俺の心の不穏な願望を感じ取った‥‥のならちょっと怖い義兄が徐に話を変えた。 

「そう言えば皇子殿下はライムフォード殿下と交流を深めたいとご希望でしたね」
「う‥‥む、そうじゃが‥‥な、なんじゃラムよ? 唐突に」

あ、お祖父ちゃん警戒したね?
フッと軽く息を吐いた義兄がニコリと悪魔の微笑を浮かべてる。

「今回の皇子殿下の使節団が組まれた切っ掛けである第一王女のご婚約披露ですが、ご成婚後臣籍降下が決まっています。第三王子殿下は第二皇女殿下の婚約候補となられ今や留学生という名の人質に。王弟は、アレなので。肝心の陛下は公の場に姿を現さなくなられたとか。それに王妃の不審死。第一側妃が社交を精力的になさっているのに対し第二側妃は幼い第二王女と共に離宮に籠られていらっしゃるとか」

饒舌な語りは王家の現状を。そして一旦口を閉じて何かを思い浮かべたのか剣呑な雰囲気を醸し出す。

えっ? 今度は何? 肝が冷えるんだけど。

「ああ、そう言えば思い出すと悔しさの余り血涙が流れてしまいそうですが仕方ありません。阿呆の元第一王子と公爵家の至宝であるレティの婚約解消も次代の後継を狂わせましたね。

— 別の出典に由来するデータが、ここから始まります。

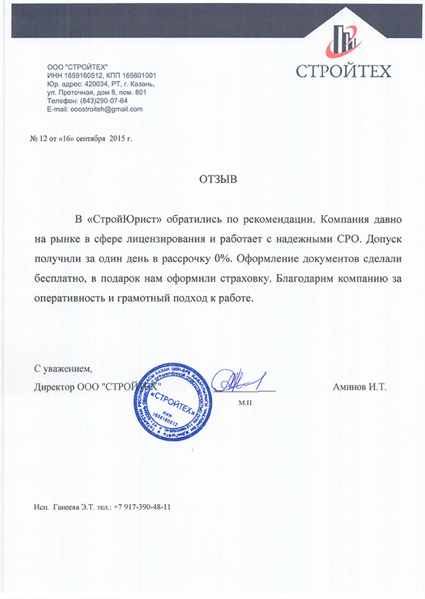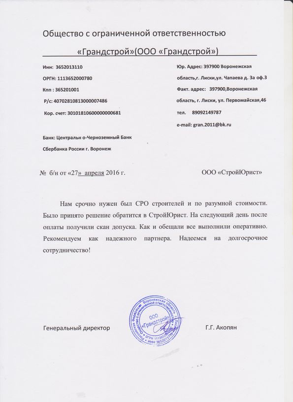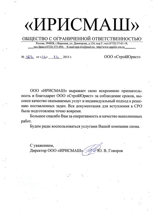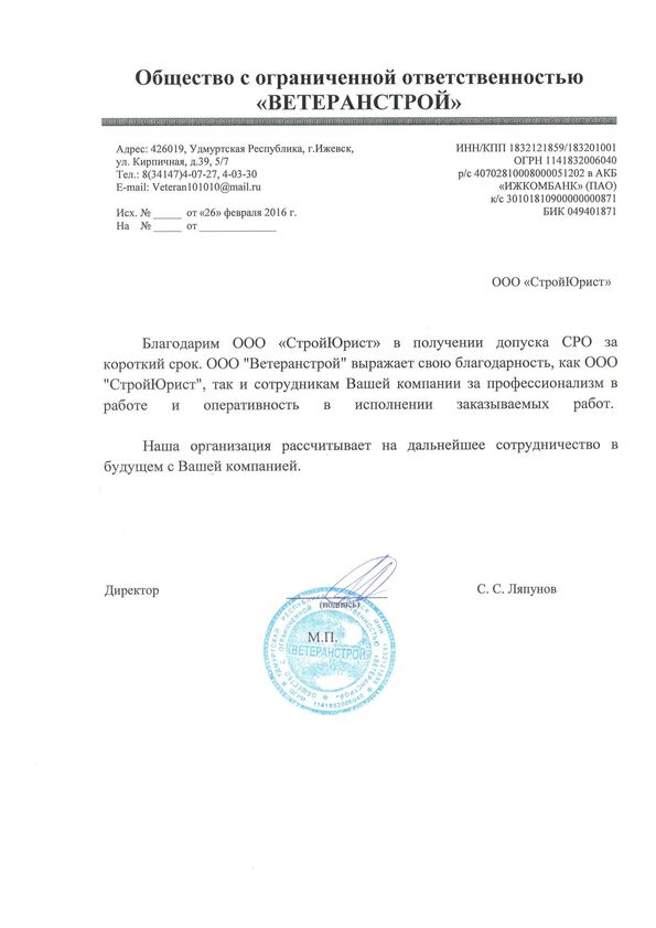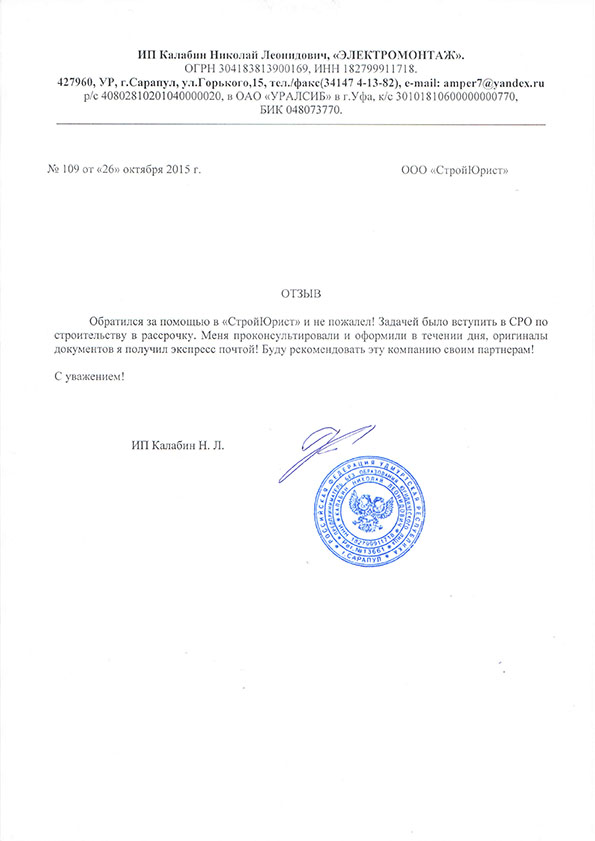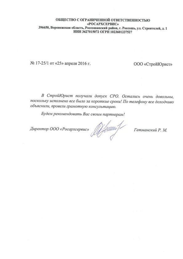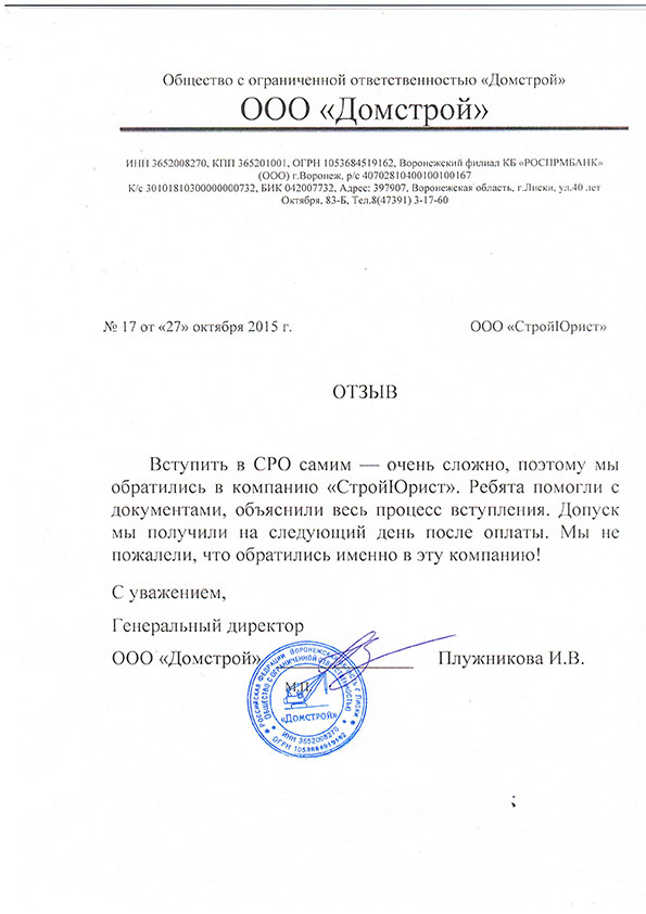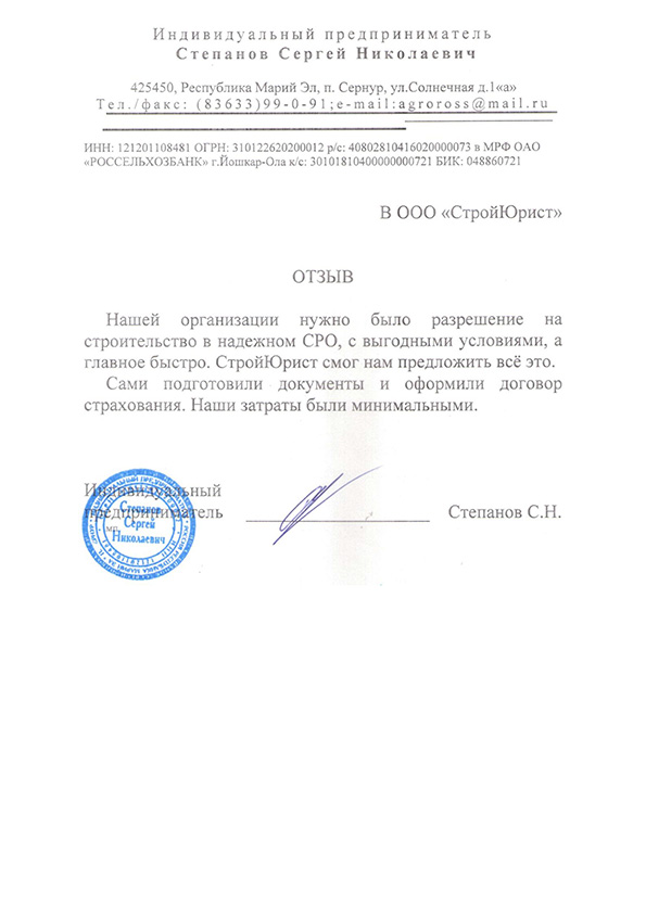 Отзывы клиентов "СтройЮрист" по вступлению в СРО в Балаково

アレも故意に仕組まれた黒幕不明の妨害ものだと判明しています。公爵家は黒幕に感謝していますので炙り出すのを止めましたが、お義祖父様もですよね? その代わりと言ってしまって宜しいのか判断の難しいところですが怒りの矛先を王家に絞りましたのでは? ‥‥ふふ、お義祖父様、ですのでご安心を」

黙って苦々しい表情で聞いていたお祖父ちゃんだが最後だけニタリと黒い笑みを浮かべる。双方気が合ってんじゃん。だから怖いって。